How to decline a chapter and leave notes
Declining a chapter is how you indicate that a submitted chapter is not the right fit for a book in its current form. This option applies to community books and private group books, where multiple contributors are working together and submitted chapters affect the direction of a shared project.
When a chapter is submitted, it appears as pending in your dashboard task list and triggers a navigation alert so it is easy to find. To decline a chapter, open the pending submission from the book or directly from your task list and review the chapter in full.
When you decline a chapter, you leave notes for the author explaining your decision. These notes are meant to be constructive and informative. Declining a chapter does not mean the writing is poor or unusable. It simply means the chapter does not align with the book’s needs, structure, tone, or direction at this time.
A declined chapter is not included in the book and does not become part of the chapter sequence. Once declined, the chapter exits the active review flow and returns to the author. At that point, the author can decide how they want to proceed.

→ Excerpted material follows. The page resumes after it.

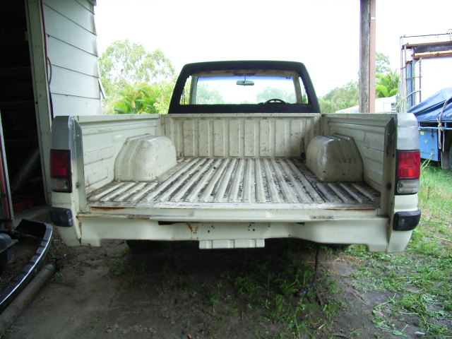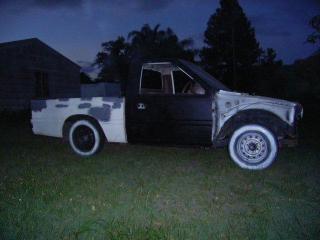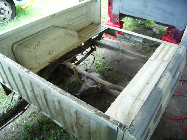shaved bed, inc. fuel door, tie downs and the top of the tail lights, will have custom bed floor, and a combo skin, with nuber plate in the center, cab is now in primer ready for paint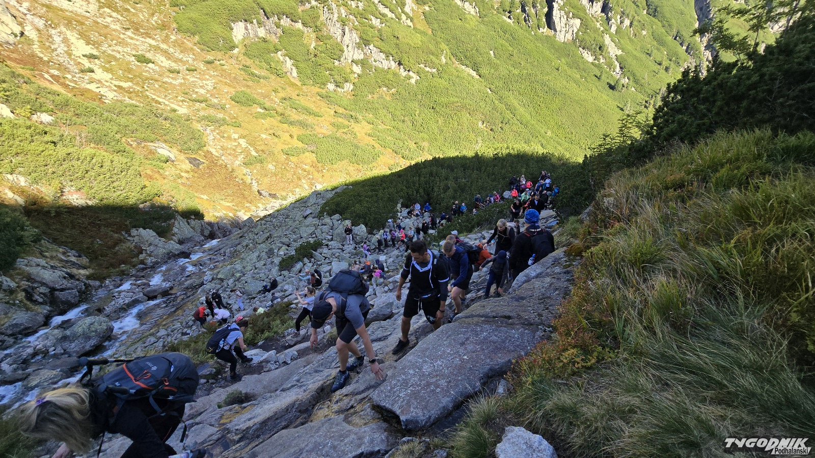 Jeszcze o godz. 7 rano nad Morskim Okiem nie było wielu turystów przed południem trasa jest już oblężona. Korki w rejonie Wierchu Porońca tworzą się nawet o godz. 11:20.

Authors have several options after a chapter is declined. They may revise the chapter and submit it again, taking the feedback into account. They may choose to step away from that chapter entirely. In many cases, they may also choose to clone the book.
Cloning allows an author to create a full copy of the book up to the point of the declined chapter and continue the project independently. The cloned book is created as a new community book, separate from the original. This allows contributors to explore a different creative direction without disrupting the original book or other collaborators.
Cloning behavior depends on the type of book.
Private group books have cloning disabled by default.
Community books may allow cloning, but a subscriber who creates a community book can choose to disable cloning when the book is set up. This setting exists for projects where forks or alternate versions are not appropriate.
When a book is cloned, all contributors retain credit for their work. Authors of chapters included up to the cloning point remain credited for those chapters in the new book. Their intellectual property is not lost or reassigned. The original book also retains its full history and credits.
Book owners and editors are credited as well. Editors who created the original book and reviewed chapters up to the point of cloning remain credited for that work in the cloned book. Cloning does not erase editorial contribution or ownership history; it simply creates a new project that builds on an existing foundation.
Declining a chapter is different from returning a chapter with edits. Returning a chapter is used when the overall direction is sound and revisions are needed before approval. Declining is used when the chapter should not move forward in its current form, even with edits.
Personal books do not use chapter declining or cloning. In personal books, submission runs platform checks, but chapters remain fully editable by the author, and no collaborative review workflow applies.
Declining chapters exists to protect the shared vision of collaborative books while still giving authors flexibility, attribution, and meaningful options for continuing their work.